The payback has always been tangible. For example, a recent BPM project for the centralized loan disposition group resulted in savings of $250,000 pretty quickly. The group receives thousands of loan requests each month, and a compliance rule states that the company must respond to each request within 30 days. To meet that requirement, the group was looking at adding an additional 15 employees.
Instead, Rawls' team worked with business managers to create an automated workflow that presents a daily report on applications pending for seven, 14 and 21 days. Automatic email alerts to branch managers and loan request processors coupled with performance metrics have streamlined the process and obviated additional headcount.

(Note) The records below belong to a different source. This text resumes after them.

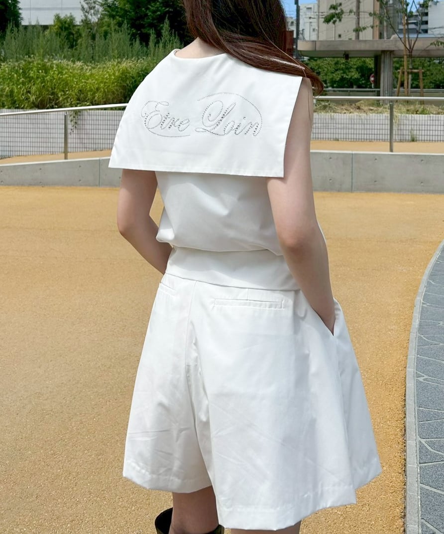 セーラーカラーに、ラインストーンでロゴを施したシャツブラウス。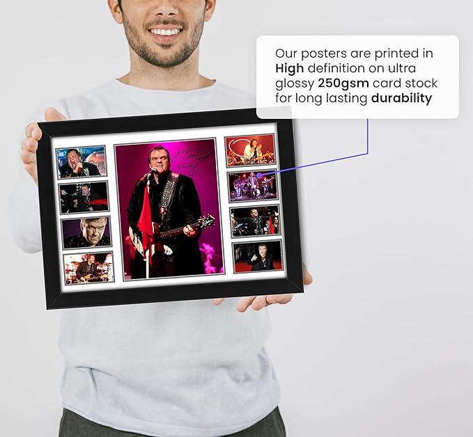 - Crafted on premium-quality paper with vivid colors and intricate detail, this poster infuses any room with rock 'n' roll grandeur. Whether you're a devoted fan or simply appreciate timeless classics, this poster is sure to command attention in your home, studio, or music den. Immerse yourself in the dramatic world of Meat Loaf, from the epic stages of his theatrical performances to the intimacy of his studio recordings.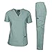Dagacci Medical Uniform Scrub Unisex Set, Woman and Man Classic Fit V-Neck Top, Three Side Cargo Pockets Pants
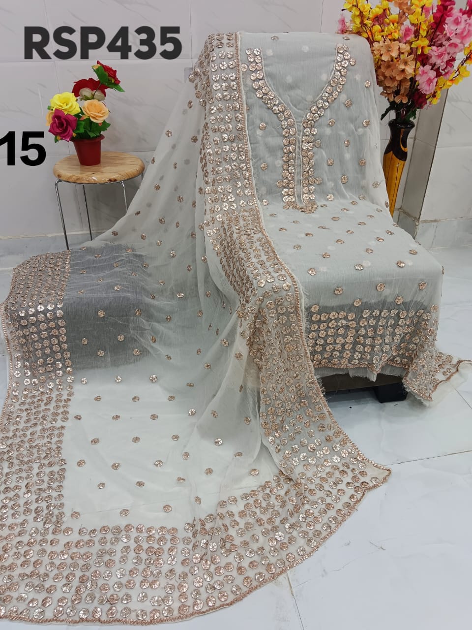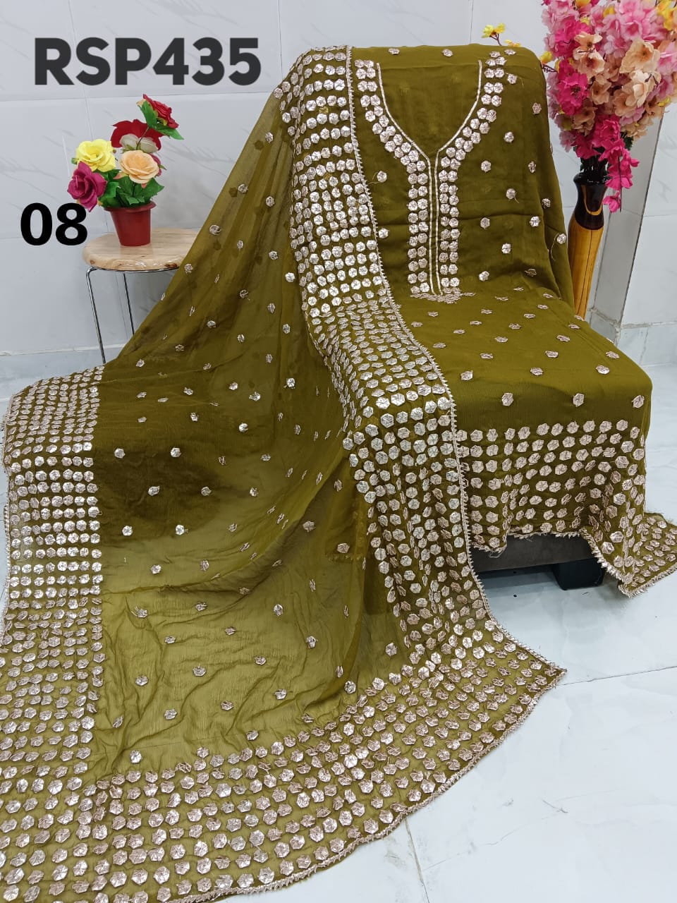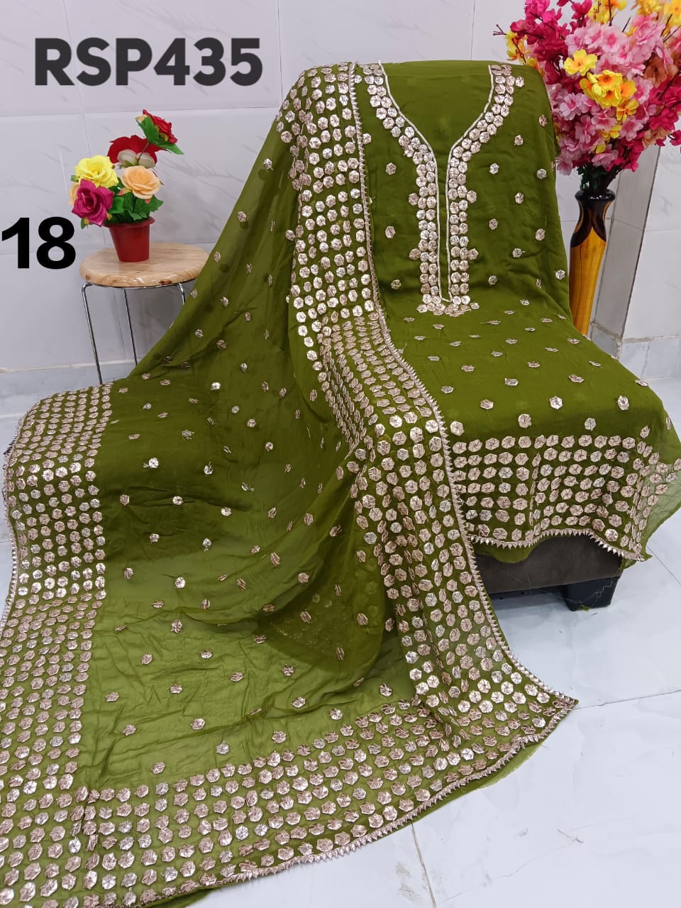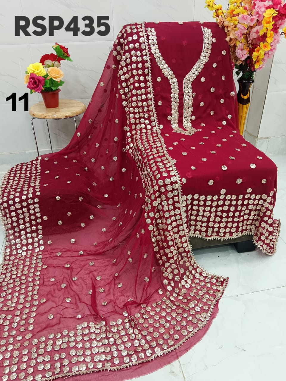 • RSP435 Hit item New STOCK?? Pakistani Bemberg Chiffon handwork heavy LCD gota embroidery 2 piece Suit Fabric detail Bemberg Chiffon fabric only shirt and Dupatta Sleeves fabric also heavy embroidery by gota work Length 40-42 Bust 50 Fabric detail Bemberg chiffon LCD heavy gota work Special quality n genuine rate buy from Rihana Sakina dealers Fast book because No multiple available????????????????????????? MSP 2700 free shipping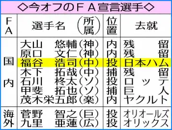 日本ハムは24日、中日から国内FA権を行使した福谷浩司投手(33)と入団合意に達したと正式発表した。福谷は自身のSNSで「いつか地域やチームの垣根を越えて野球界に貢献したいという思いの下、野球選手としての経験を増やし、高みを目指すことを目標に移籍を決断しました」と記した。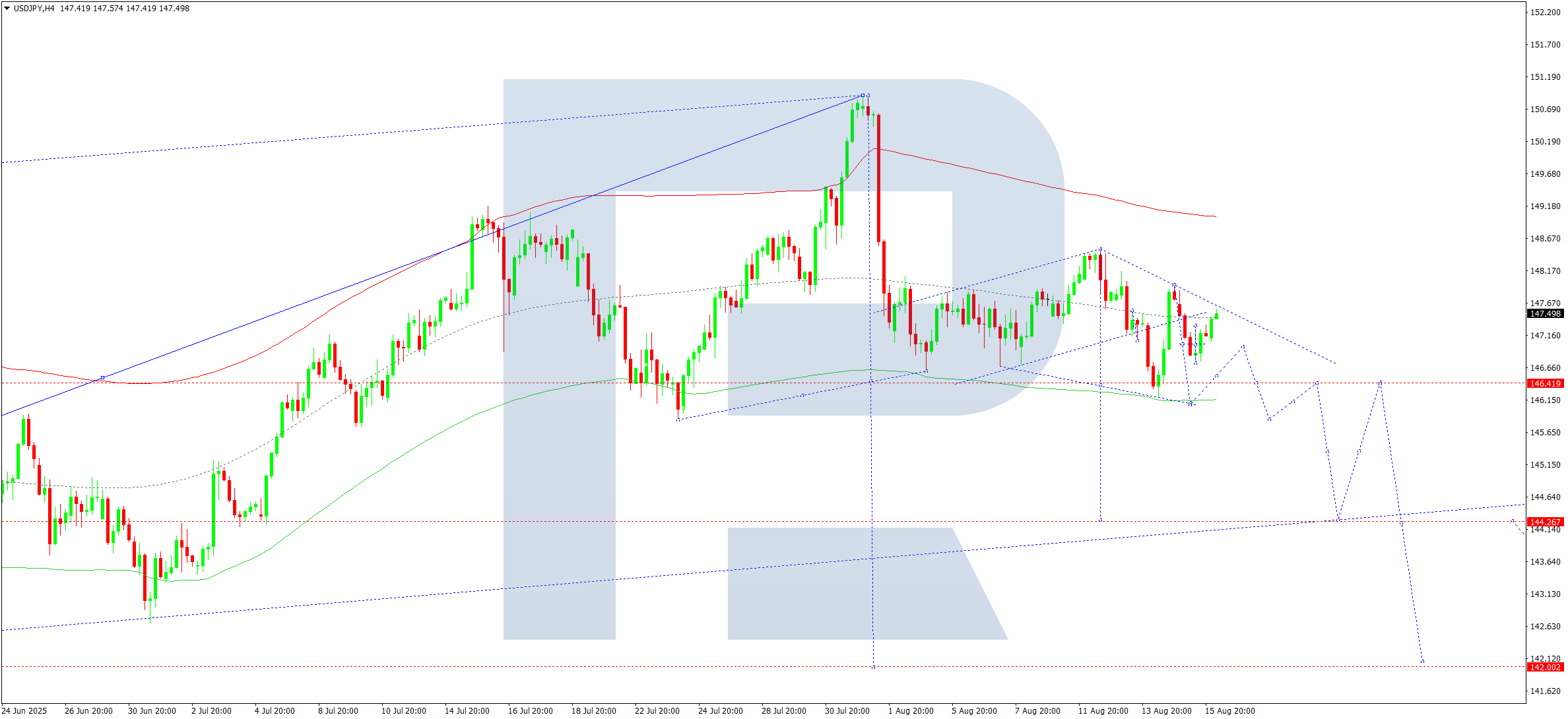 En el gráfico H4 del USDJPY, el mercado continúa formando un estrecho rango de consolidación alrededor de 147.35. Hoy, 18 de agosto de 2025, se espera una caída hacia el límite inferior en 146.40. Una ruptura por debajo podría abrir el potencial para una onda hacia 144.26 como objetivo local.

A BPM testimonial for product development
BPM wasn't even on the radar at Nacco Materials Holding Group Inc. when the company began to consider buying a major product lifecycle management (PLM) platform to streamline its product development efforts. Nacco, a $2.8 billion global company based in Portland, Ore., designs and builds heavy construction equipment including forklifts. Its main competitor is Toyota Material Handling. But in the wake of a recently completed, trouble-plagued, multimillion-dollar SAP AG ERP implementation, the company was gun shy about launching another major IT project.
The company's CEO originally advocated for Agilent Technologies Inc.'s PLM suite because Nacco was already using an Agilent product for data management in some areas of the company. Bob Shallow, director of global product development, was a relative newcomer -- 20 months -- to Nacco, but he had successfully used Lombardi's Teamworks product at Ford Motor Co., his previous employer. He persuaded Nacco to go with Teamworks, spending about $350,000 on the BPM tool set instead of $3 million or so for a PLM platform.
The decision has paid off: Shallow has completed many projects successfully and quickly. The first one -- a process redesign to automate a small cost authorization system -- took just 15 days.
Despite this success and others, Shallow has had to face down reluctance and distrust of BPM tools from IT. "They viewed Teamworks as just a workflow modeler. The attitude was, 'We own the systems. If you want to model it, that's fine, but we'll build it and implement it.' They didn't realize how powerful it is," he said. That attitude changed fairly quickly when IT resources started to get a bit stretched, he added. "They started to say, 'You guys take it as far as you can and then call us when you need us,'" he said.
The relationship with IT has gotten much better, Shallow noted. "They see that the tool set is very strategic and very powerful. The IT director was originally not a fan," he said.